On Becoming a “No” Man

May 21, 2007 – 6:48 am |

In my work life I have always been easily describable as a “yes man.”  From what I have read in my glossy-covered magazines, women on the whole suffer in great number from this syndrome.  It seems we have a desire to answer all requests positively, to meet everyone’s demands, and to be all things to all people.  I suppose I’m no exception.

As a young associate I’d rarely turn down a request for my time or work.  Should a partner wander into my office, all matters were moved to the side, the legal pad was out, and I was tuned in.  It was a rare a request for immediate work or emergency assistance would be met with anything other than “Absolutely.  No Problem. I am happy to help.”  

It went without saying … Of course I can cancel all my personal plans - my plans to shop, date, bake, sleep, read, bathe and paint my toes.  Back then, usually flipping through those magazines, I would think I really need to learn to set boundaries.  I really need to learn to say “no.”    I just wasn’t sure how.

Turned out the answer was simple:  Have children.  

Fast forward three children later …and if I had a nickel for every “NO” or incarnation of “NO” I say during a day  … well needless to say I wouldn’t need to contemplate whether to stick some Google Advertising on this blog for extra cash.

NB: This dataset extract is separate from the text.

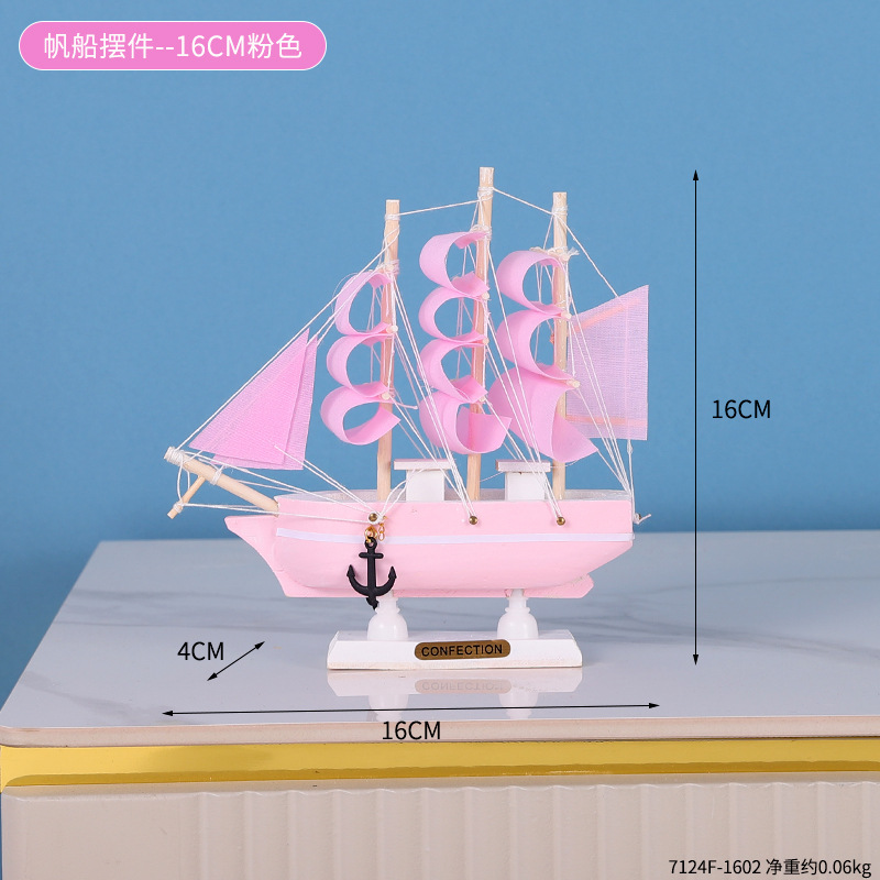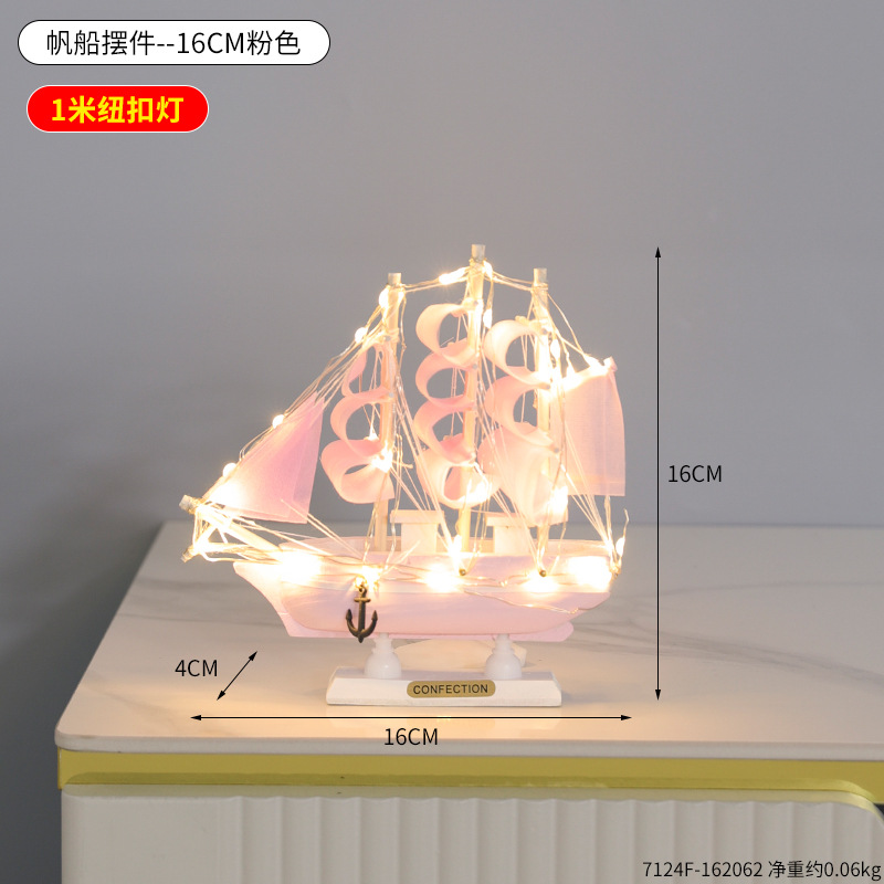 7124F-162062帆船摆件--16CM粉色+1米纽扣灯

“No you may not have [insert totally inappropriate sugar coated or filled item] before breakfast.”

“No, NO, NOO, [Kong], you may not [insert random, dangerous, life-threatening activity here].”

Of course, some “nos” are unavoidable and necessary in the job of protecting my children.  Certain requests (e.g. jawbreakers at 6 am or games that include sticking silverware in electrical outlets), simply cannot be accommodated.  But lately I’ve realized that my chorus of ‘nos’ seems to have grown to full harmonic proportions.  A woman who’s had past trouble drawing the line, I have now apparently grown more comfortable with setting the boundaries, and I wonder – at what cost?  

“Mom, can we get out the paint stuff?”
“Oooh, Maybe tomorrow… that’s so messy.”  

“Mom, You want to play Barbies?” 
“Sure, guys, but can you wait just ten minutes until I finish this [insert any task on the Google Lists.]

Or consider my reaction to my children entering the room while I’m chatting on an important personal call. Imagine if a partner had come into my office and I had said “Oh, Hold on one sec, sis,” and then moved the phone away while snapping something like … “You can see I am on the phone right now, what do you need?” 

There’s no doubt my obligations have grown and the time for myself for the shopping, dating, baking, sleeping, reading, bathing and painting my toes seems to continually shrink.  But, still, I can’t help but wonder why it’s sometimes much easier to draw the boundaries at home than at work.   I never would have guessed I’d someday aspire to be more of a “Yes Man.”